Population specific Fsts from the 1000 genomes

We will now explore the first 20 megabases of chromosome 22 from samples of the 1000 genome project and will find that negative population specific \(F_{ST}^i\) are not uncommon.

Load chromosome 22 fragment VCF file from the 1000 genome into R (see practical 1) and the samples description

ch22<-read.VCF("chr22_Mb0_20.recode.vcf.gz")
samp.desc.url<-"https://www2.unil.ch/popgen/teaching/SISG18/integrated_call_samples_v3.20130502.ALL.panel"
samp.desc<-read.table(samp.desc.url,header=TRUE,stringsAsFactors = TRUE)

Describe object samp.desc: Print a table of the number of samples per super_pop and pop

with(samp.desc,table(pop,super_pop))

Verify that samples are the same and in the same order in ch22 and samp.desc.

all.equal(ch22@ped$id,as.character(samp.desc$sample),check.attributes = FALSE)
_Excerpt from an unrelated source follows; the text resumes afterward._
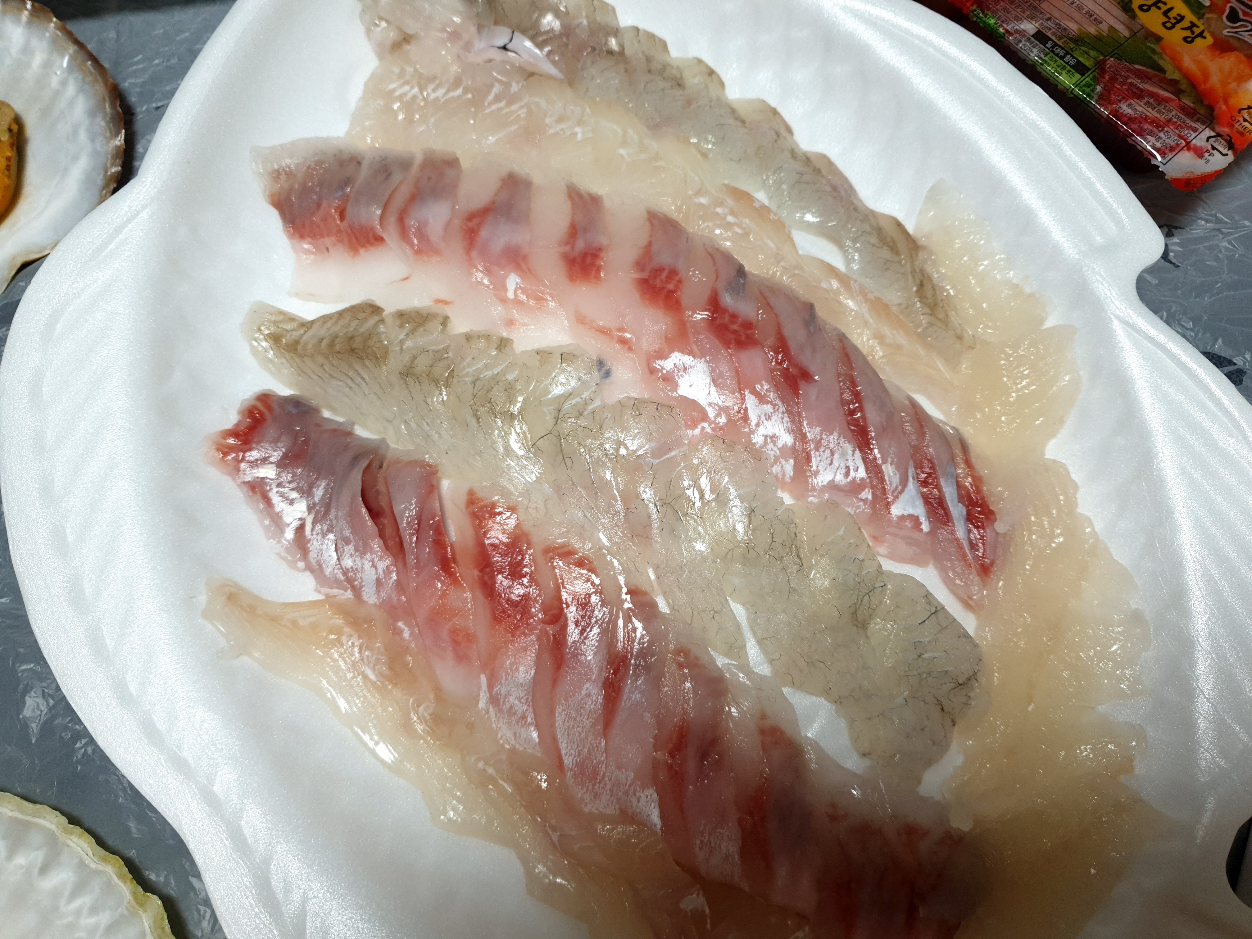 저희는 대게 2마리, 자연산 쥐치, 광어, 숭어 그리고 가리비, 멍게, 전복 먹기로 했습니다!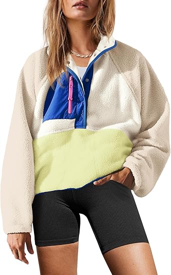 Womens Half Zip Sherpa Fleece Pullover Soft Oversized Sweatshirt with Pockets Warm Fuzzy Sweater

# if not (in different order and or some missing) :
# use match(ch22@ped$id,samp.desc$sample)

Estimate population and continent \(F_{ST}\)s from this dataset (it takes some time). You will have to download the Allele sharing (matching) file first

# From dosage data:
# fst.ch22.pop<-fst.dosage(ch22,pop=samp.desc$pop)
# fst.ch22.cont<-fst.dosage(ch22,pop=samp.desc$super_pop)

# More efficiently from matching data
# Matching.ch22<-matching(ch22)
# takes some time, so saved in matching.ch22.RDS available from # website

Matching.ch22<-readRDS("matching.ch22.RDS")
fs.ch22.pop<-fs.dosage(Matching.ch22,pop=samp.desc$pop,matching=TRUE)
fs.ch22.cont<-fs.dosage(Matching.ch22,pop=samp.desc$super_pop,matching=TRUE)
fs.ch22.pop$Fs[2,]
fs.ch22.cont$Fs[2,]

There is a plot function associated to fs.dosage. Produce the corresponding plot after having ordeered the population by continent and discuss the results in the light of what you know about human demographic history: the top left panel show individual inbreeding coefficients per population, relative to the mean kinship in their population. The right column panels show \(F_{ST}^{XY}\) (or \(\beta^{XY}\)) on top and population specific \(F_{ST}\) at the bottom. Last, the bottom left panel shows pairwise \(F_{ST}\). Do you see a similarity between \(F_{ST}^{XY}\) and the heatmap of \(K_{AS}\) kinship?

#extract popnames in the correct order
pnames<-unlist(lapply(strsplit(with(samp.desc,
      levels(factor(paste(super_pop,pop,sep=":")))),":"),function(x) x[[2]]))
#forces factor to take  this order                            
pop<-with(samp.desc,factor(pop,levels=pnames))
fs.ch22.pop<-fs.dosage(Matching.ch22,pop=pop,matching=TRUE)
coul<-rep(c("orange","gold","red","green","blue","purple"),c(2,5,4,5,5,5))
plot(fs.ch22.pop,las=2,cex.axis=0.5,col=coul)

PCA

In this part, we will learn how to conduct Principal Component Analyses (PCA) on a genomic data set, [optionally] look at the different flavors of PCA, and get a feel for how to interpret the results

Start by simulating the genotypes of 250 individuals, 50 from each of 5 populations, at \(1000\) bi-allelic loci, assuming an island model at equilibrium between migration, mutation and drift. Assume each island is made of \(1000\) individuals, with \(m=0.003\) between them. For this, use the sim.genot function of the hierfstatpackage.

np<-5
dat5<-sim.genot(nbal=2,nbloc=1000,nbpop=np,mig=0.003)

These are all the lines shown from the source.